The health expenditure annually by the Saudi government accounts for 6.5% of government budget. In essence, 6% of total Saudi population is covered mainly by public health insurance, public health service or the social insurance (Mousa 2015). However, the remaining 31% are accounted for by the private insurance thus private sector also plays a major role in health service to the Saudis. Public health is critical to reducing disease incidences and disease prevalence (Kassa 2010). Therefore, the MOH regards disease prevention to be vital in attaining its strategies towards achieving health for all population in Saudi Arabia.
Ministry of Health
The MOH in KSA is committed to attaining to disease control and public health is among the top priorities of the Saudi government. Moreover, the projects, policies and objectives of the MOH are aligned towards attaining its vision of delivering comprehensive, integrated and best quality healthcare services to the citizens (MOH 2015). Consequently, the strategy of MOH in KSA is to consider various elements that are vital in attaining its vision which conforms to other health services globally. Since WHO requires that food organizations should implement HACCP, the MOH also complied with this requirement in major food organizations and has also introduced the HACCP system to be implemented in the Saudi healthcare sector and the hospitals in particular since they are under its supervision (Prianka 2012).
In essence, healthcare services in KSA are provided by both government and private sector (MOH 2015). There are 249 hospitals in KSA which are directly operated and owned by MOH and this represents 60 percent of all the hospitals. Nonetheless, the remaining 40% are operated and owned by the private sector under the regulations and supervision of MOH. In total, the MOH has 20 directorates to help in the enforcement of health regulations. Knowledge on HACCP implementation among staff in both private and public hospitals is vital for the hospitals to successfully implement the system. In particular, the food handlers in the Saudi hospitals require proper training on food hygiene to support the disease prevention efforts.
1.1.2 Food Safety in Saudi’s Hospitals
Indications of Getachew (2010) were that food-borne illnesses are a public health challenge globally especially in the developing countries compared to the developed countries due to the poor measures of food safety and low personal hygiene. In particular, Giritlioglu et al. (2011) notes that outbreaks of food-borne illnesses in hospitals cause more negative effects on the patients who consume the food given their weakened immunity and disease status. Despite the fact that provision of safe food is the obligation of the hospital’s top management, the practices of food handlers during food preparation and processing have the major link to the cause of the unsafe food.

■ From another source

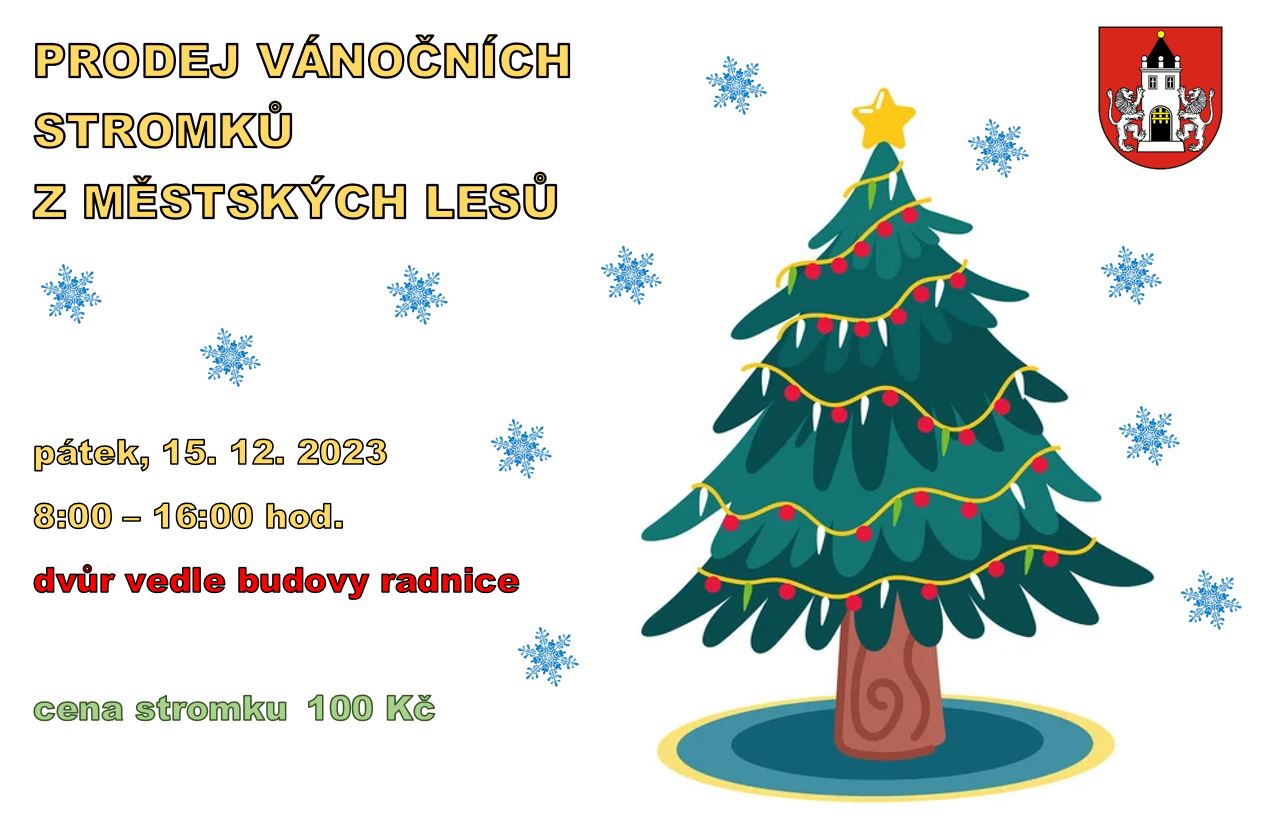 Prodej stromků se uskuteční v pátek, 15. 12. 2023 v čase od 8:00 do 16:00 hod. ve dvoře radnice. Cena stromku (smrček): 100 Kč.

In this regards, Grintzali and Babatsikou (2010) adds that the prevention of food-borne illnesses in hospitals thus require the involvement of all the individuals involved in handling food including the individual patients. According to MMRA (2009) in Saudi Arabia, a number of efforts have been made in the hospitals towards improving the food hygiene and food safety conditions such as amending the conditions and terms of the nutrition contracts to hospitals. Generally, the hospitals in KSA contract food service providers or catering service companies to supply and prepare food hence they operate under the tendering system. However, such services are usually supervised by the nutrition departments in the hospitals which have about 20 nutritionists to 1 nutritionist employed by the MOH for large and small hospitals respectively (Kassa et al. 2010). Consequently, it was required that in the MOH hospitals, all the contracted food suppliers must comply with the requirements of HACCP principles. Nonetheless, such directives are yet to be fully implemented in the various MOH hospitals which could be linked to various challenges.

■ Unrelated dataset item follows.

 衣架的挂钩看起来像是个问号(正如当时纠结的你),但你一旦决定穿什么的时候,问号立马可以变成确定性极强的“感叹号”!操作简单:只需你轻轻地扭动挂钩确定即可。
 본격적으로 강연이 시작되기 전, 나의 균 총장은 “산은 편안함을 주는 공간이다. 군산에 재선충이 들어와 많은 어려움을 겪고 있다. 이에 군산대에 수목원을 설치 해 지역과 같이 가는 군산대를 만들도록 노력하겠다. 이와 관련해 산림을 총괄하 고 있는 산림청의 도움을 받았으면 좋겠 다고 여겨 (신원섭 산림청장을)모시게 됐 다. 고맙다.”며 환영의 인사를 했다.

Specifically, it was required that the contracted food suppliers should have a HACCP coordinator to help in maintaining hygienic practices and ensure they implement the HACCP system in the hospitals operated by MOH (Kokkinakis et al. 2011). Other initiatives that contracted food suppliers were required to undertake to promote food safety included providing sufficient training and health education to their staff and particularly food handlers. In addition, the food handlers must possess health license which indicate that they are medically fit to handle food in order to avoid cross-contamination. Such health licenses for the food handlers are valid for 6 months (Martins et al. 2012). The supervisors and managers of the contracted food suppliers were also required to pursue courses in HACCP system and management of food hygiene. According to Oinee and Sani (2011), the requirement for further training implied that there are few individuals who are knowledgeable in HACCP system and its implementation which could be attributable to the few training institutions which provide course in management of food hygiene and food safety.

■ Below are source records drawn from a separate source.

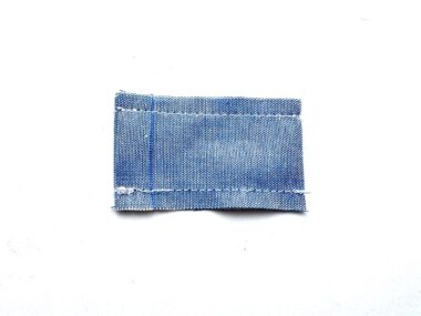 Fold the end of the zipper edge fabric for 1cm. With the front sides facing each other, fold in half and sew at 0.5cm. Turn it inside out.
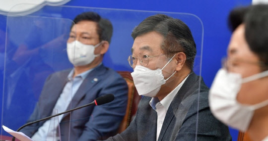 더불어민주당 윤호중(사진) 원내대표가 26일 국회에서 열린 최고위원회의에서 발언하고 있다.
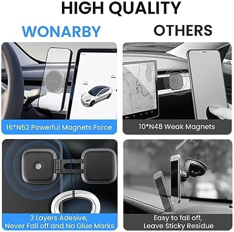 Wonarby Magnetic Phone Holder for Tesla - Upgraded Tesla Model 3/X/Y/S Accessories Phone Mount - Magsafe Compatible with iPhone 12/13/14 and Samsung Cell Phones Car Holder
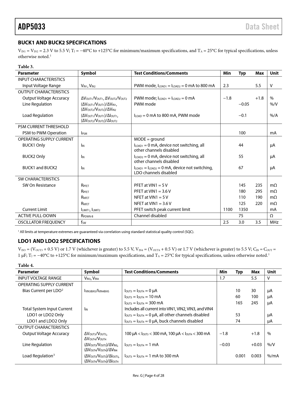 Seiten / Seite28 / 4 — ADP5033. Data Sheet. BUCK1 AND BUCK2 SPECIFICATIONS. Table 3. Parameter. …
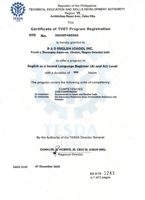 | 学校所在地 | B&D English School, Purok 1 Aganan, Sibulan Negros Oriental 6201 Philippines ドゥマゲッティ空港の近くの好立地でございます |

Study by Griffith et al. (2010) reported that having the education and training on promotion of food safety ensure that employees have the necessary knowledge and awareness on prevention of food-borne disease in the Saudi hospitals. Furthermore, food handler training is vital element of HACCP which is recognized by WHO and EU legislations. In addition, Tomohide (2010) confirmed that it is also vital for hospital staff to attain the necessary knowledge on HACCP in order for the hospitals in KSA to be effective in food safety like other hospital in developed countries which implement HACCP.
1.1.3 Codex Alimentarius and Saudi Arabia Legislation
Kassa et al. (2010) maintained that food standards are mainly guidelines which indicate the various requirements of microbial regulation, food products, the accepted contaminants levels, labeling and packaging requirements as well as the requirements for hygiene maintenance for the products that are manufactured. Consequently, Codex Alimentarius develops the food standards which serve as the main reference standards for trading food internationally. Generally, Prianka et al. (2012) posited that Codex Alimentarius aims at protecting the health of the consumers, ensuring the food trade practices internationally are fair, and coordinating the work by international organizations on the food standards. In this regards, a number of countries including Saudi Arabia have complied with the food standards set by Codex Alimentarius. In essence, Saudi Arabia developed its standards and requirements for agricultural and food products in line with the indications of Codex Alimentarius.
Reports by Getachew (2010) pointed that one of the major actions of Codex Alimentarius was the development of the regulations on HACCP system and recommendation for its implementation worldwide. However, indications of Giritlioglu et al. (2010) was that complying with food standards such as HACCP and other Codex Alimentarius standards involve high implementation costs which has been mentioned to be a challenge. Consequently, many food establishment and large organizations in Saudi Arabia have often embraced the standards of Codex Alimentarius such as HACCP in order to comply with the directives of the government and remain competitive in Saudi Arabia as well as globally. However, Grintzali and Babatsikou (2010)believe that the available financial resources and technical resources have not been adequate to successfully implement the requirements of Codex Alimentarius.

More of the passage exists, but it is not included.